FAME Review: Jazz Combustion Uprising – Self-Immolation
December, 2013
A review written for the Folk & Acoustic Music Exchange
by Mark S. Tucker
Edited by David N. Pyles

Jazz Combustion Uprising is an absorbing San Francisco quintet oscillating between reverent takes on trad bases and then looking forward.

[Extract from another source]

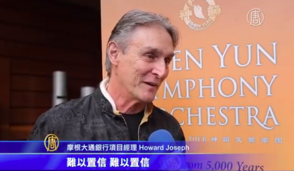 摩根大通银行项目经理霍华德•约瑟夫(Howard Joseph)于十月二十五日在费城金梅尓表演艺术中心(Kimmel Center for the Performing Arts)欣赏了神韵交响乐团音乐会:“非常美,很有独创性,好像对你的心灵讲话,你能感觉到。除了听到的音乐,其他已不复存在,世间的烦恼好像都消退了……难以置信,难以置信。演奏的作品一个比一个精彩”。

All songs are written by saxist David Alt and his Rising at first sounds just like a long-lost Michael Mantleresque section from Frank Zappa’s 200 Motels, blending neoclassical attitude with jazz textures with late Romanticism. The 4-page liner booklet is a trifle stiff and stilted but the assertion it makes, that the tracks in the Modern vein (there’s also ‘Blues’ and ‘Standards’) are “adventurous compositions that blur lines”, finds no argument from me, as the title cut, Self-Immolation, also demonstrates a blend of the Art Ensemble of Chicago, echoes of the old Black Saint label, Anthony Davis, and the kind of modernist thinking that Nonesuch, ECM, and other labels once showcased.

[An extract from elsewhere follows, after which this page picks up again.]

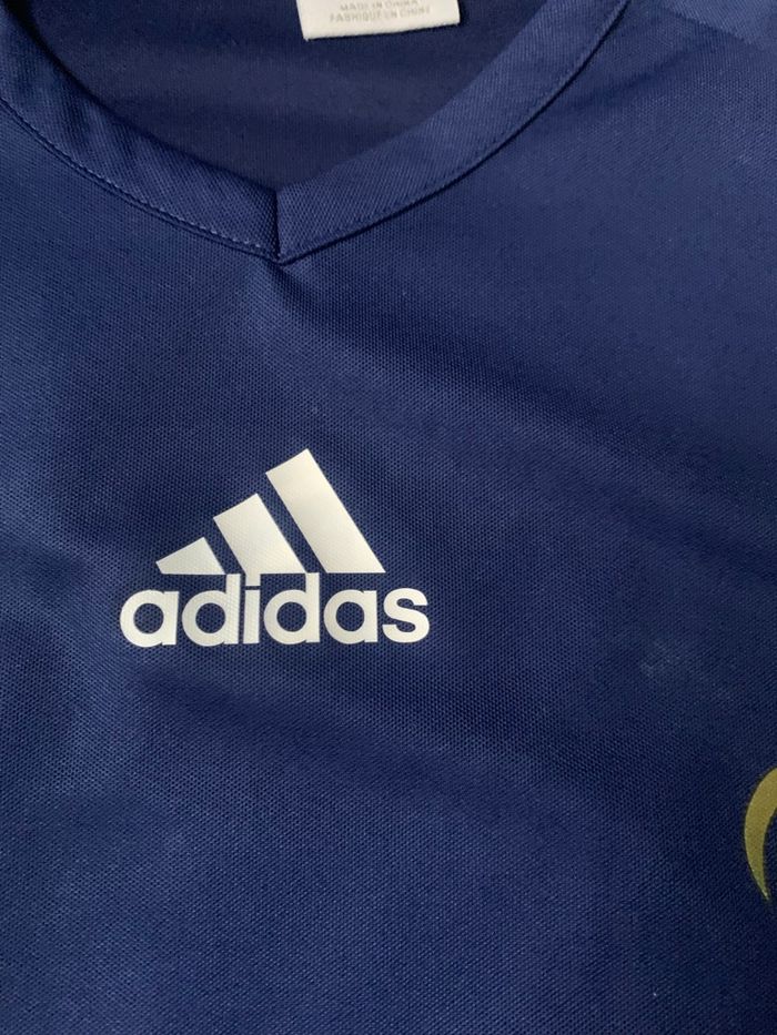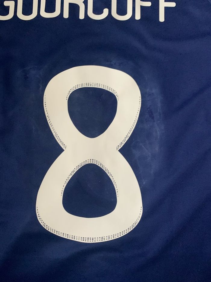 Bonjour Tee shirt de l’équipe de France Gourcuff En bon état Des traces blanche sont présentes près du chiffre, mais aucun autre défaut n’est à signaler Chiffre et écriture en très bon état Taille M/ authentique / année 2010 Envoie rapide et soigné

Cupcake Flavor Profile may be Zappa-esque nomenclaturing, but the song is highly be-boppy while Series of Adjustments brings memories of Bill Evans and McCoy Tyner together in Grant Levin’s pianistics.

Forget about me recommending a favorite cut ’cause the more I listen, the more I like everything, but what really first caught my ear was the quirkily titled This Unmemorable Evening wherein Henry Hung plies his trumpet in exquisitely raw fashion, David Alt’s sax slinking around him, also enjoying a solo spot but in the shadow of Hung’s insouciant lines. The conversation continues into the aforementioned Self-Immolation, becoming a colloquy between all the members ambling down city streets, metro-rail and buses passing by, then breaks into melodious chaos in A Classic Base, at times calling back to Hubert Laws’ old aviary with Chick Corea or even The Circle’s classic work, maybe a taste or two of Trummerflora.

This is music designed to be reveled in, crossing the dividing line between tradition, novelty, adventure, and rebellion. It does so both formally and highly informally, so, while listening, I never knew whether I should don a Brooks Bros. suit and discuss stock options with the band or just throw on a t-shirt, make my way to the pub, knock back a few beers and sidecars with ’em, or maybe meet one and all in the Abstract wing of the L.A. County Museum of Art. Hmmm…maybe all three. Jump into a suit, meet at Smily Joe’s Happy Hooch House, and then head for LACMA drunk. I know Gaugin would approve, Klee too, Picasso as well. Yep, sounds like a plan.